Un progetto che resiste
Il progetto che anche quest’anno si è realizzato (dopo l’esperienza dell’accoglienza in famiglia) parte dall’ospitalità verso i bambini di Chernobyl per tenerli in un ambiente sano nonostante loro siano cresciuti vicini alla centrale, con tutti i rischi radioattivi che ciò comporta. Molti di quei bimbi di allora ora sono grandi ma hanno mantenuto un affetto particolare per l’Italia. Nastija, una delle accompagnatrici, venne qui quando aveva sei anni, ha imparato bene l’italiano e ora non smette di tenere i legami con il nostro Paese. Con lo scoppio della guerra, naturalmente, il progetto Chernobyl si è allargata e ora i minori arrivano da tutta l’Ucraina. Molti sono di Kiev o dei dintorni della capitale ma tanti altri sono di zone dilaniate dai bombardamenti, appartengono a famiglie in fuga da Karkiv, da Zaporiza, da Cherson. Nei primi giorni di soggiorno ad Alassio in tanti si svegliavano di soprassalto quando sentivano il rumore del treno o degli aerei. Pensavano fossero i bombardamenti. Poi le accompagnatrici hanno spiegato loro che qui non c’è la guerra e si sono calmati.

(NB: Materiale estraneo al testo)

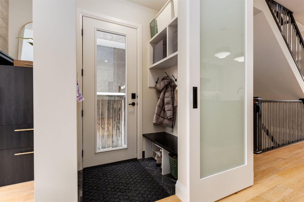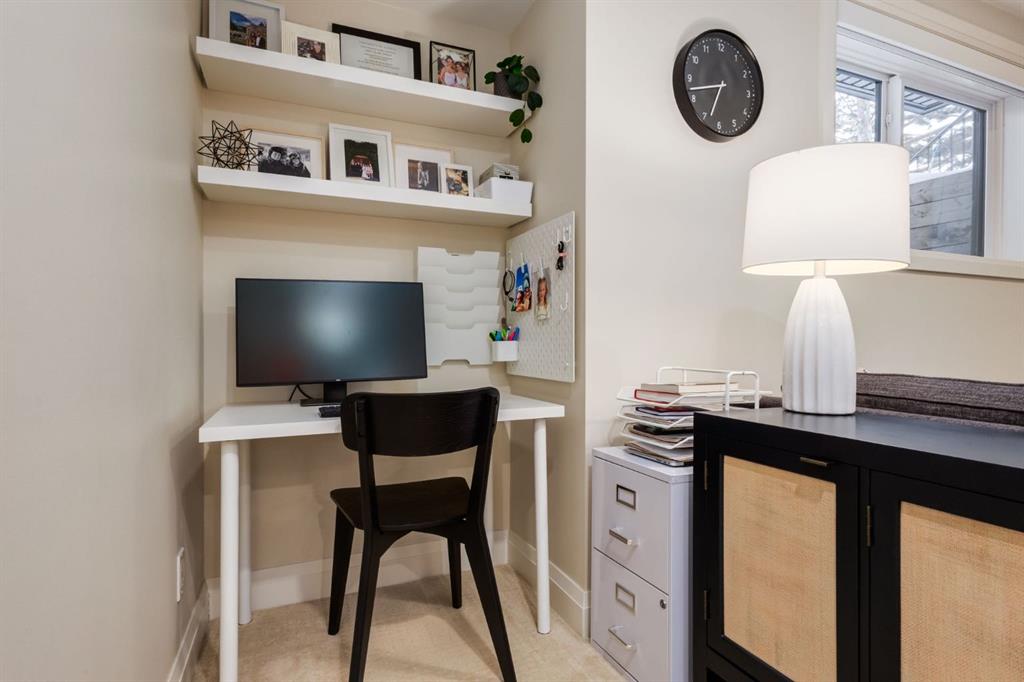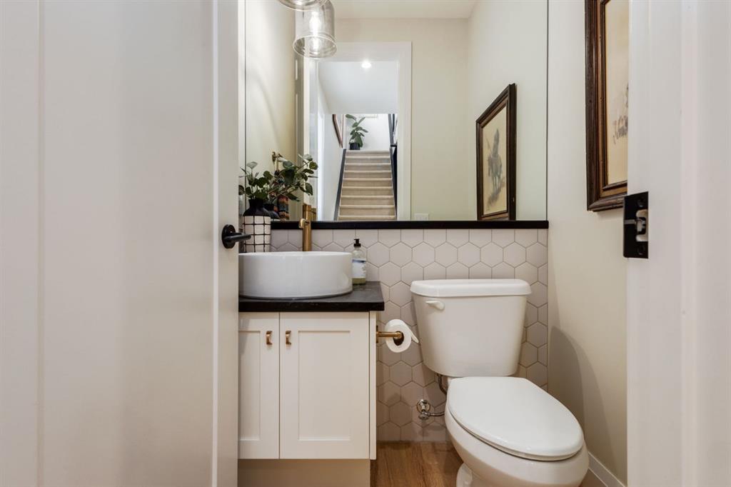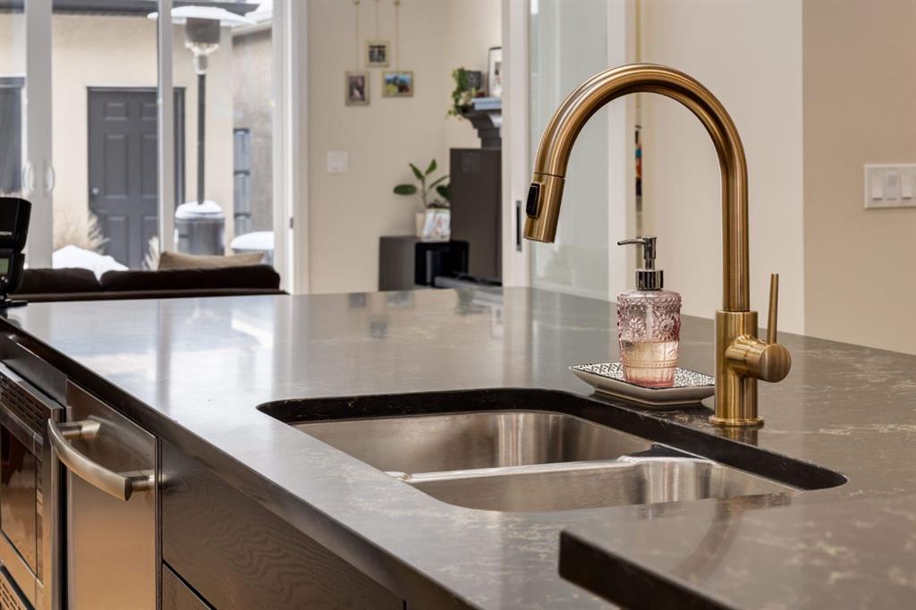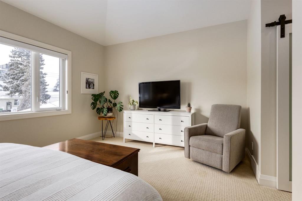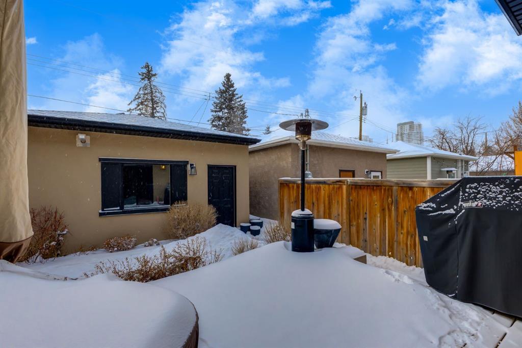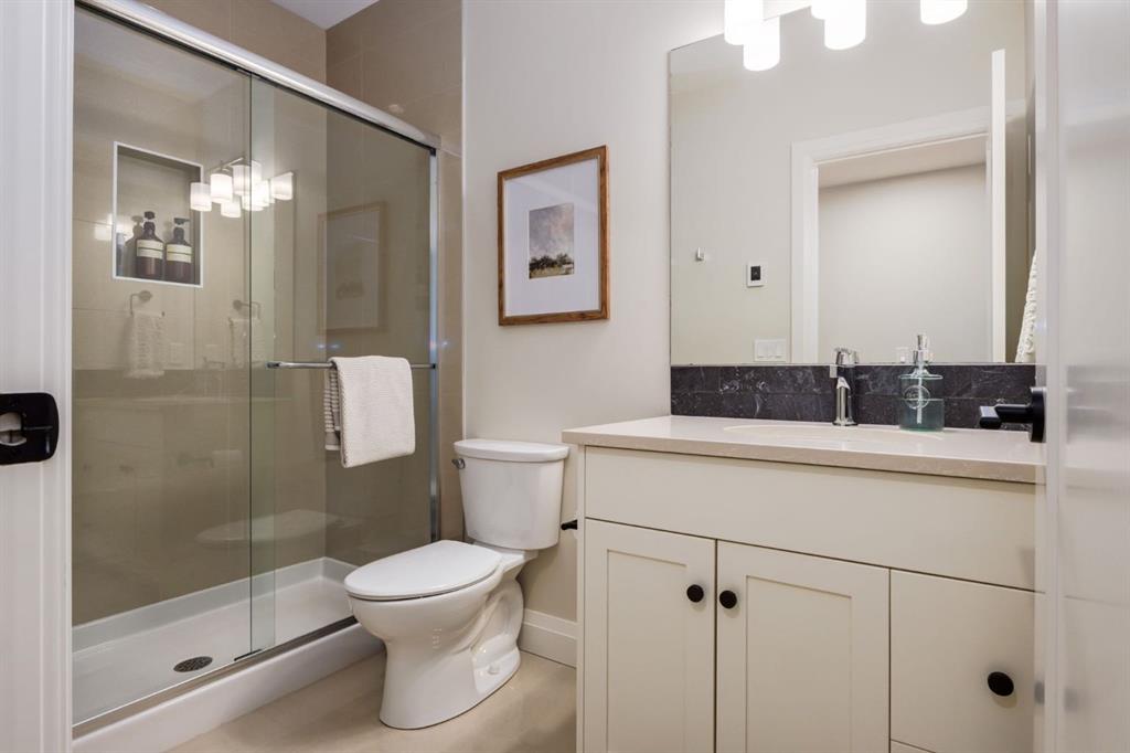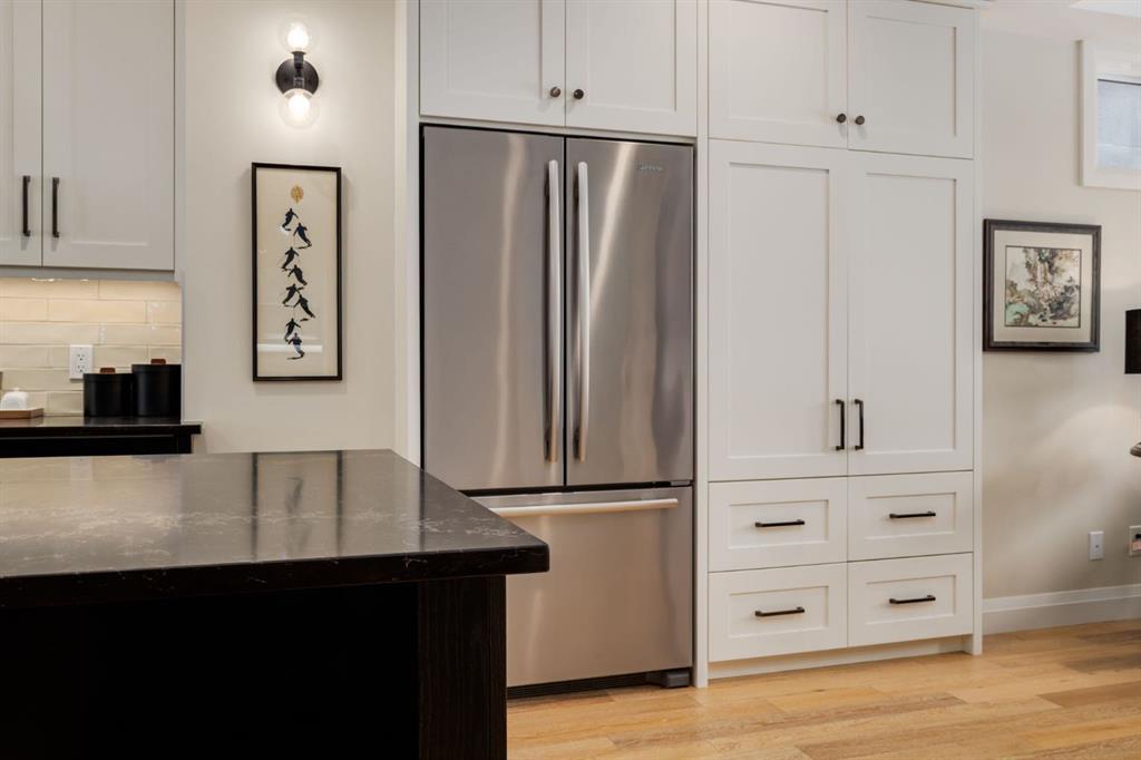 Located in highly coveted Shaganappi, this detached home was expertly built with quality in mind, no expense sparred, and a timeless elegance that will never go out of style. This stunning 4-bedroom, 3.5 bath home affords you a luxurious lifestyle and a quick walk to two LRT stations and endless amenities. Ditch the cheap materials used in most modern infills and upgrade to high end supplies including solid wood cabinetry and millwork as well as custom window coverings, central AC, a heated garage, and manicured landscaping including composite decking, mature perennials, and garden beds. As you walk up the front steps, the stunning curb appeal of this home stands out with classic white brick complimented by stone and metal accents. You’re greeted through the entryway into the barely lived in, open concept main floor which boasts engineered wood floors, soaring ceilings, designer lighting, and spectacular natural light through many expansive windows. The massive kitchen is fit for a large family with solid wood cabinetry, a custom range hood, gas stove, enormous kitchen island with bar seating, wine storage, and a pull-out pantry, all of which is accented by designer pendant lighting, ambient wall sconces, and an ageless backsplash. Enjoy family gatherings in your spacious dining room under a spectacular chandelier with mature trees lending privacy outside of the bright front windows. The large living room is flooded with natural light through floor to ceiling glass sliding doors and additional transom windows and is warmed by a striking gas fireplace with subway tile surround, adorned by a crafted mantle. Step outside onto the west facing composite deck to relax and enjoy the sunshine in your private, west facing backyard with landscaping including mature perennials and garden beds. Enjoy a moody mud room with a hexagonal tile accent wall and gold hardware. Rear entry from the garage is possible through your side mud room with built in storage including a bench with hooks, perfect for a bustling family. Enjoy elegant open railings as you ascend to the upper level which includes 3 beautiful skylights and large windows. The primary retreat has vaulted ceilings, west facing windows, and a large walk-in-closet with built-ins. The newly remodelled, luxurious spa-like ensuite showcases a free-standing tub that’s flooded in natural light, dual sinks with tons of extra storage, and a beautifully tiled stand-up shower with bench seating. Upstairs features two generously sized kid’s bedrooms allowing room for larger furniture and space to play. The kids’ bedrooms share a stunning 4-piece bathroom. Enjoy an upstairs laundry room with custom millwork, quartz countertops and tiled backsplash, endless storage, and a must-have sink. Downstairs boast a huge media space with a bespoke wet bar and wine fridge, office space, playroom, and room for guests with an additional large bedroom and a 3 -piece bathroom matching the finishes you’ve come to expect.

Ma cosa succederà adesso che torneranno in patria?
La roulette russa
Il pullman proveniente da Alassio si ferma in autogrill sulla tangenziale di Milano a Muggiano Est per farli mangiare. Poi punta su Lampugnano dove si cambia bus in vista del viaggio di due giorni per arrivare in Ucraina. L’andata è stata tranquilla, solo un paio d’ore d’attesa alla frontiera con l’Ungheria. Per il resto è filato tutto liscio, con controlli veloci alle altre frontiere. La guerra, hanno spiegato le accompagnatrici, non riguarda i bambini, loro sono a posto con i passaporti, tutte le carte sono in regola grazie al grande lavoro in regia di Aubam in accordo con l’ambasciata. Ma cosa accadrà adesso che i ragazzi rimettono piede in quella terra dove - è proprio il caso di dirlo - ogni giorno è come una roulette russa, un’esistenza in sospeso tra la vita e la morte?
Il sogno di Antonio
«Mentre i bambini erano in colonia - spiega Antonio Tosi - hanno sentito dal telefono che c’era allarme aereo a Kiev ed è stato come ripiombare all’inferno. Per questo le accompagnatrici permettevano un uso controllato dei cellulari, per lasciarli tranquilli». Ogni componente della spedizione italiana ha una sua storia alle spalle, un vissuto per la maggior parte di sofferenze e di tentativo di riscatto. Racconta Nastja: «Qui c’è un bambino che non ha più il papà e ha la mamma malata di tumore. Stare con gli amici, poter fare una vacanza al sole e al mare dell’Italia è una piccola ma grandissima possibilità di stare bene». È una catena di solidarietà quella che si forma per costruire un futuro migliore sull’asse Italia-Ucraina. «Il mio sogno sapete quale è? Di andare da loro, nelle loro famiglie e stare in pace». Il desiderio di Antonio Tosi è quello di tutti coloro che sperano in un domani che cancelli le guerre. Ma quello che tutti i giorni ci raccontano le cronache internazionali è l’esatto opposto di un futuro di serenità. Per fortuna che i sorrisi e gli abbracci dei bambini resistono. Dovrebbero insegnare qualcosa ai grandi, però.